None of these patients was as young as our patient or had such extreme hypernatremia. Due to the early onset of DKA, extreme hypernatremia, and polyuria, Wolfram syndrome with diabetes insipidus, diabetes mellitus, and optic atrophy was considered as a possibility. However, the absence of optic atrophy as well as the total disappearance of polyuria after recovery made the diagnosis unlikely.
The extreme hypernatremia was primarily due to large electrolyte-free water losses associated with osmotic diuresis.
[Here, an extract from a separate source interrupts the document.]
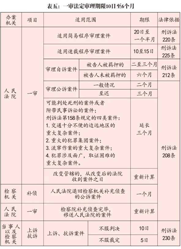 刑事辦案期限一覽表

This may have got aggravated during therapy because of the large amount of sodium she received in her fluid management according to the standard DKA protocol and the failure to replace the large urinary free water losses.
Deep vein thrombosis associated with femoral vein catheterization has been reported in diabetics, and cannulation of central veins should preferably be avoided. In our patient, the unstable hemodynamic state necessitated both arterial and femoral vein cannulation. The extremely hyperosmolar state resulting from hyperglycemia with added hypernatremia was probably responsible for the arterial as well as the extensive deep and superficial vein thrombosis in our child.[7,8] Fatal transverse sinus thrombosis has been described in a 2-week-old baby with a serum sodium >200 mEq/L.[9] The current recommendations for DKA do not support the use of prophylactic anticoagulation.
Blistering has been reported with acyclovir use, and in our patient, new blisters stopped appearing after omission of acyclovir.[10]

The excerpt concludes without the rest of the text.